Together we will be exploring the following questions: 

  • What is the connection between sight and insight when exploring the world visually?

  • What role does insight (if any) play in making meaningful photographs?

  • Can photography be a tool for helping us develop both outer and inner seeing?

This week's reading begins with a return to the work of Arthur Zajonc, author of Catching the Light. To explore the intertwined nature of sight and insight, and, more importantly, the role it plays in seeing and image-making, Zajonc begins his exploration by explaining the limitations of physical vision: 

"Two lights brighten our world. One is provided by the sun, but another answer to it––the light of the eye. Only through their entwining do we see; lacking either, we are blind.

(...)

Arguably the best-studied case of recovery from congenital blindness is the case of an 47-year-old man who had been blind since birth because of cataracts. Following the operation, they were anxious to discover how well the man could see. When the man's eyes were healed, they removed the bandages. Waving a hand in front of the man's physically perfect eyes, they asked him what he saw. He replied weakly, "I don't know." "Don't you see it moving?" they asked. "I don't know" was his only reply. The man's eyes were clearly not following the slowly moving hand. What he saw was only a varying brightness in front of him. He was then allowed to touch the hand as it began to move; he cried out in a voice of triumph: "It's moving!" He could feel it move, and even, as he said, "hear it move", but he still needed laboriously to learn to see it move. 

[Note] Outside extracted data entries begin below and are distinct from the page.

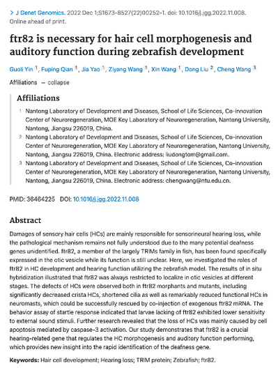四、感音神经性听力损失的主要原因是感觉毛细胞的损伤,但由于许多潜在的耳聋基因尚不明确,其病理机制尚不完全清楚。ftr82是鱼类中主要TRIMs家族的一员,已发现在小囊泡中特异性表达,但其功能尚不清楚。我们利用斑马鱼模型研究了ftr82在毛细胞发育和听力功能中的作用。结果表明,ftr82是一个重要的听力相关基因,调控HC形态发生和听力功能的发挥。相关研究成果于2022年12月发表在《J Genet Genomics》。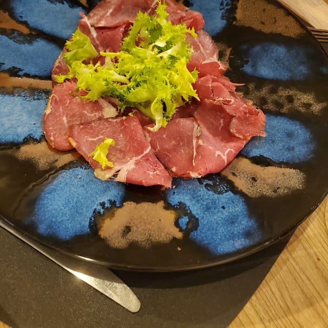 Carpaccio di manzo affumicato con insalatina verde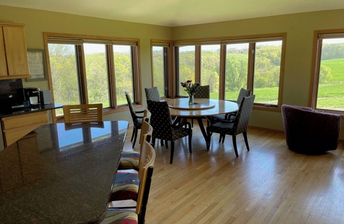Rural Verona is waiting for you at this superb 5-bedroom fully equipped country home surrounded by verdant hills, trees, alfalfa fields and majestic vistas in all directions. Adjacent to the 800 acres of the Sugar River Wildlife Area and the 300 acres of the Madison School Forest the wildlife is abundant with regular viewing of deer, turkey, geese, cranes and songbirds. Hiking, biking, canoeing nearby. Epic and downtown Verona 5 minutes away and Madison just 15 minutes, Dane County airport 30 minutes. Sleeps up to 8 with 1 king bed, 4 queen beds, 1 twin bed, and a futon this marvelous property offers plenty of space for guests. The 3 bathrooms, each with bathtub and shower, ensure everyone stays comfortable. The modern kitchen with maple cabinets and granite counter tops is fully equipped, dining room has a round table seating 8 and living room plus outdoor deck provides the perfect gathering space for family or friend gatherings. A great place to call home base while you're away. We hope you enjoy your stay. Two night minimum and discounts for week and longer. Family friendly. Please no pets, no smoking. Property owned and managed by retired University of Wisconsin College of Agriculture and Life Sciences professor.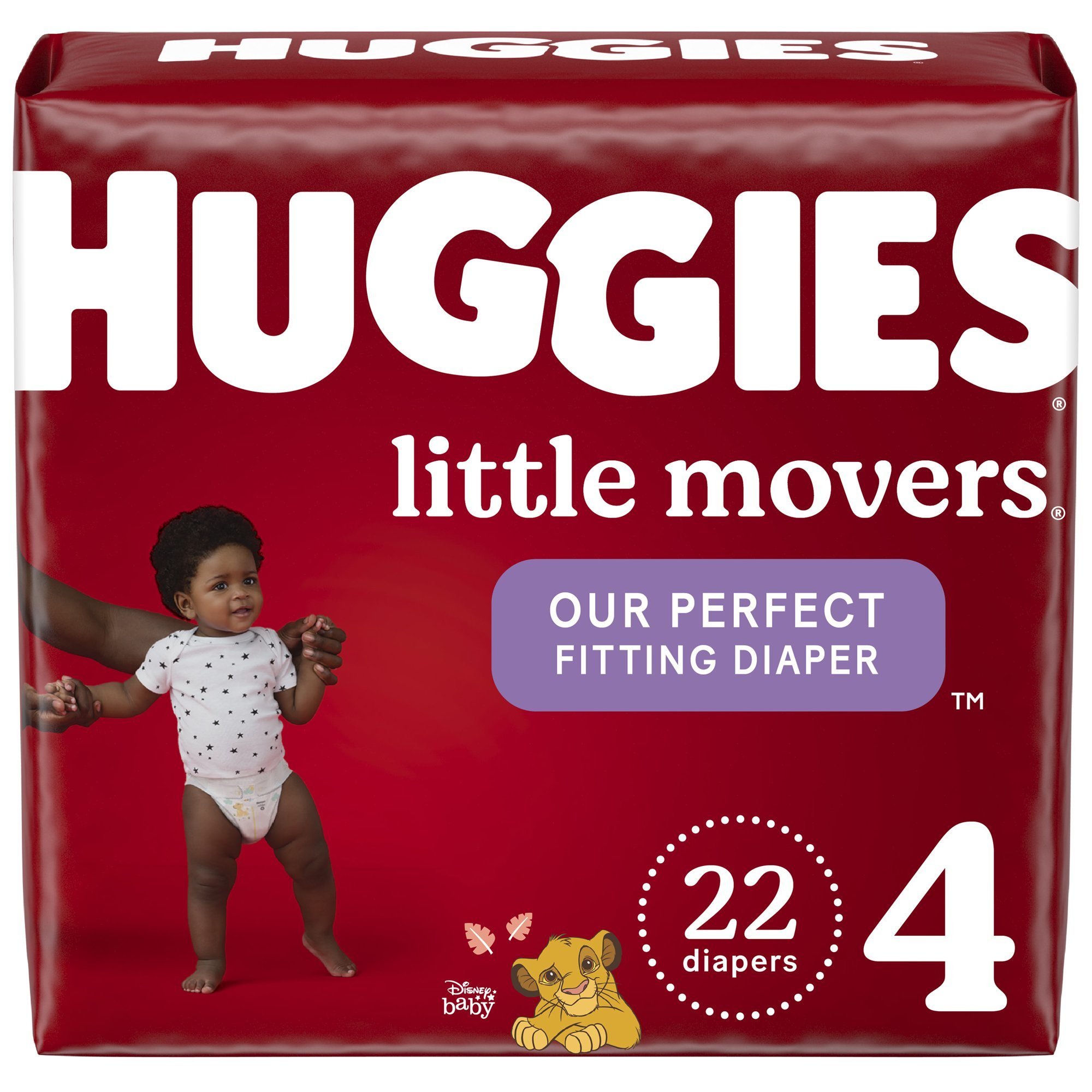 22 Huggies Little Movers Baby Diapers; size 4 (22-37 lbs); packaging may vary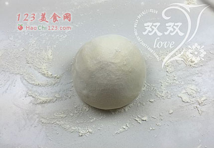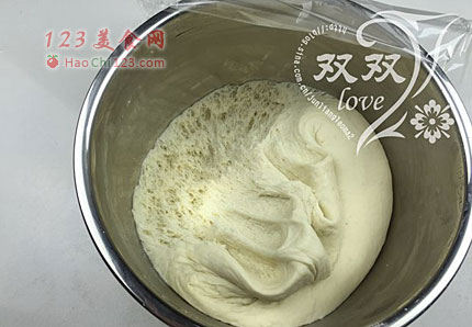 2、清水花开酵母粉,加入面粉,揉成面团,静置发酵至2倍打。发酵完成。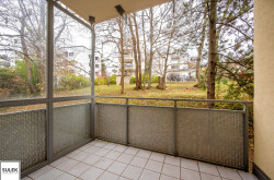 Das Wohn-/Esszimmer bietet Zugang zum zweiten Balkon, welcher wetterunabhängig zum Entspannen und Verweilen mitsamt Grünblick einlädt.
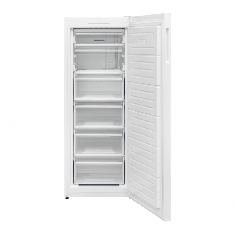 Zamrzivač Heinner HFF-V188E++, klasa energetske učinkovitosti: E, ukupni kapacitet: 187L, mehanička kontrola s podesivim termostatom, 6 odjeljaka zamrzivača, preklopna vrata, kapacitet zamrzavanja: 9,1 kg/24h, dimenzije (ŠxDxV): 54 x 59,5 x 145,5 cm, boja: Bijela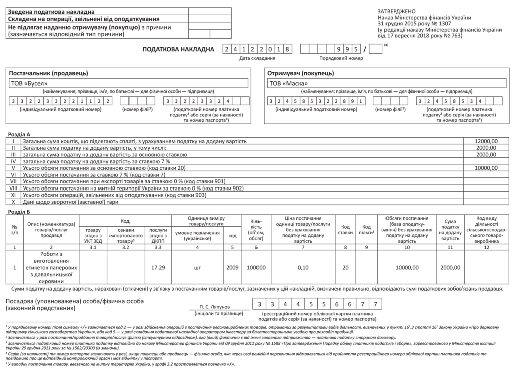 Новый реквизит «Податковий номер». Начнем с принципиально нового поля обновленной НН, которым она пополнится с 01.12.2018 г. — «податковий номер платника податку або серія (за наявності) та номер паспорта». Заполнить его не составит труда, ведь здесь указывают:

Light and eyes were not enough to grant him sight. Passing through the now-clear black pupil of the man's eye, that first light called forth no echoing image from within. The man's sight became a hollow, silent, dark, and frightening kind of seeing. The light of day beckoned, but no light of mind visually replied.

(...)

According to Zajonc, all vision relies on this "calling forth of an echoing image from within". As photographers, our unique set of experiences shapes how we perceive the world – for better or for worse. 

Sebastiao Salgado, one of the most emotional and empathetic photographers of our time, reminds us that great photographers have "a way of photographing what is inside them." Equally, Elliot Erwitt believes that photography has "little to do with the things you see and everything to do with the way you see them." 

But what of the things we don't see. How do our cultural habits of perspective limit our vision and determine our connections and perceptions of the world? Are there times when the light of the mind hides more than it reveals? And times when the shadow reveals more than we ever imagined?

We all have shadow areas of our lives where we hide from the experiences and feelings that arouse vulnerability, fear, judgment, criticism, insecurity, etc., either internally or externally. If there are areas of our inner life that we can't touch, does that impact the quality of our image-making? Are vulnerability and emotional honesty critical when making photographs? And if so, what role can photography play in expanding our capacity for inner and outer seeing?

Arthur Zajonc, in his book Meditation as Contemplative Inquiry, speaks about insight as a form of love that arises through the act of making. For him, love is an intentional and thoughtful practice of acceptance, where the opposites find wholeness. 

Next week we will be taking a deeper dive into his book and the recommended practices for seeing, and accepting. Until then, Tom Rankin, photo educator extraordinaire, offers us this: 

 "Photographers—and photographs—get all they have from embracing the darkness and light equally, shadows adjacent to highlights, contrast next to flatness, what is present alongside what has gone, low valleys juxtaposed with the peaks. The opposites are coequal and mutually dependent, elemental to how we see. The last line from Psalm 139:12: "the darkness and the light are both alike to you." Alike, I argue, in that both offer us a frontier to explore, render, and move to reveal, a time and place to take full visual advantage of the mystery and the unknown."